Overview
Skills
Job Details
Job Title: CloudOps RunOps Engineer Location: New York, NY (Hybrid 3 Days Onsite)
Job Overview:
We are seeking a proactive and detail-oriented CloudOps RunOps Engineer to join our growing infrastructure and operations team. This role will focus on enhancing the operational stability, automation, and resiliency of our cloud and hybrid environments.
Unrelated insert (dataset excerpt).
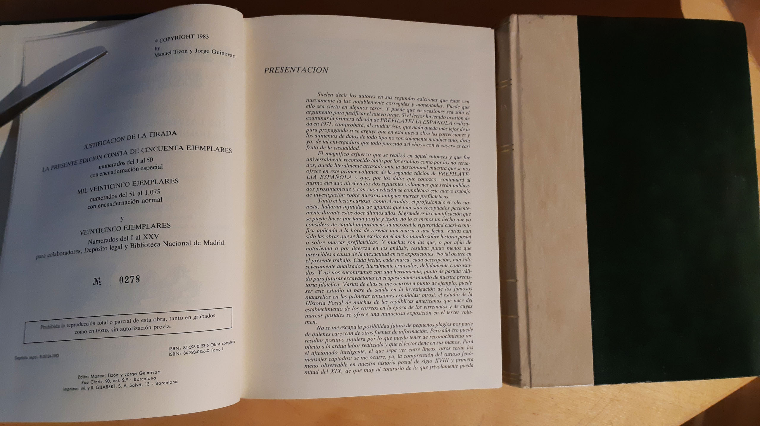 Literature. Guinovart, J., Tizon, M., 'Prefilatelia Española Nuevo Estudio de las Marcas Postales de España y sus Dominios de Indias, Siglos XVIII y XIX', 1971, first edition, two volumes, hardcover, 989 pp., limited edition, No. 278 of 1000 copies. Excellent work of Spanish pre-adhesive postmarks.

The ideal candidate will work closely with Cloud, Platform, and Application teams to support production environments through automation and observability tools.
Key Responsibilities:
Maintain and enhance Day 0/1 Infrastructure-as-Code (IaC) modules and cloud provisioning templates.
Support and automate Day 2 operations such as monitoring, patching, backups, and system recovery.
Provide Level 2/3 support for cloud infrastructure (primarily AWS), OS (Windows/Linux), and PaaS services.
Partner with Site Reliability Engineering (SRE) and application teams to improve system reliability and operational readiness.
Implement and support observability and incident response tools such as New Relic and PagerDuty.
Participate in incident triage, root cause analysis, and post-incident reviews.
Develop and maintain RunOps documentation, including playbooks and knowledge base articles.
Required Skills & Experience:
Hands-on experience with AWS (preferred), Azure, or Google Cloud Platform (Google Cloud Platform).
Proficient in Infrastructure as Code tools (Terraform, Ansible).
Strong scripting abilities in Python, Bash, or PowerShell.
Knowledge of CI/CD pipelines and DevOps best practices.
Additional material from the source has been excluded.